One possible explanation for the observed W–E spatial structuring of viral communities could be unidentified legacy effects from previous growing seasons that may have created an unrecognized gradient across the agricultural field (though we note that the field was tilled in both S–N and W–E directions shortly before biochar addition, likely dampening any potential legacy effects, and the field was fallow for at least one year prior to the start of our study). It has been proposed that rates of viral decay might be much slower than viral production in some soils [83], such that an accumulation of older viruses might explain differences in the W–E spatial structuring of viral, relative to microbial communities. However, if this were the case, we would expect most of the W–E spatially structured vOTUs to persist over time and exhibit the same abundance patterns in the April and August samples, yet more than half of these vOTUs were also differentially abundant between time points.
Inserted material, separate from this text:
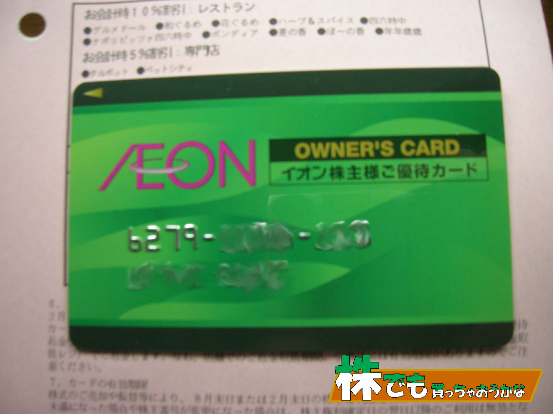 10月24日イオンからイオン株主優待カードが2枚(本人用、家族用)届きました。

Another potential factor that could have contributed to this W–E spatial differentiation is dispersal, consistent with the location of the sampled field next to a gravel road (Supplementary Fig. 1A). We speculate that vehicular traffic could have transported dust from the road to the field and/or provided vibrations to induce shifts in soil pore structure and hydraulic connectivity, both of which would presumably have been more pronounced closer to the source (the road). Additionally, contrasting conditions at the W–E borders of the field (a road on one side and more tomato fields on the other, Supplementary Fig. 1A) could also have led to edge effects. While little is known about the impact of edge effects on soil viruses, other biotic and abiotic properties of agricultural soils have been shown to be influenced by their proximity to the field border [84, 85]. Future studies could be designed to better disentangle the complex interactions of production, decay, selection, and dispersal on soil viral and microbial community composition.
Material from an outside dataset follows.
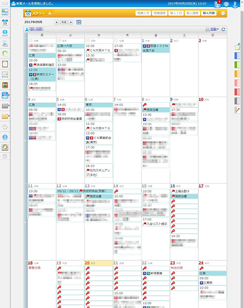 desknet's NEOの社内定着にも貢献している機能(詳細は本文)。各社員の予定、たとえば営業の訪問日程や会議・打ち合わせなどの共有、およびスケジューリングに活用されている。セキュリティの観点から、役員クラス以上のスケジュールにはアクセス権を設定し、限られた人のみが閲覧可能な状態となっている。

By comparing total metagenomes and viromes from the same tomato soil samples, we showed that viromes recovered a richer and more taxonomically diverse set of dsDNA vOTUs than total metagenomes, even at lower sequencing depths. Moreover, total metagenomes mostly detected the highly persistent and abundant vOTUs, a pattern that highlights the greater ability of viromes to explore the rare virosphere. Analyzing the beta diversity trends of viral and microbial communities revealed coupled temporal shifts that coincided with changes in the biotic and abiotic properties of soil. Viral communities further displayed a compositional gradient along the sampled agricultural field that was not observed in the microbial communities, suggesting the presence of underlying factors that can differentially affect the spatial distribution of viral and microbial populations. Biochar amendments were also statistically correlated with and thus predicted to impact viral community composition. However, this effect was only evident after accounting for the variation associated with the spatiotemporal patterns structuring viral diversity, emphasizing the importance of replicated experimental design over space and time when evaluating the effect of treatments on soil viral communities in future experiments.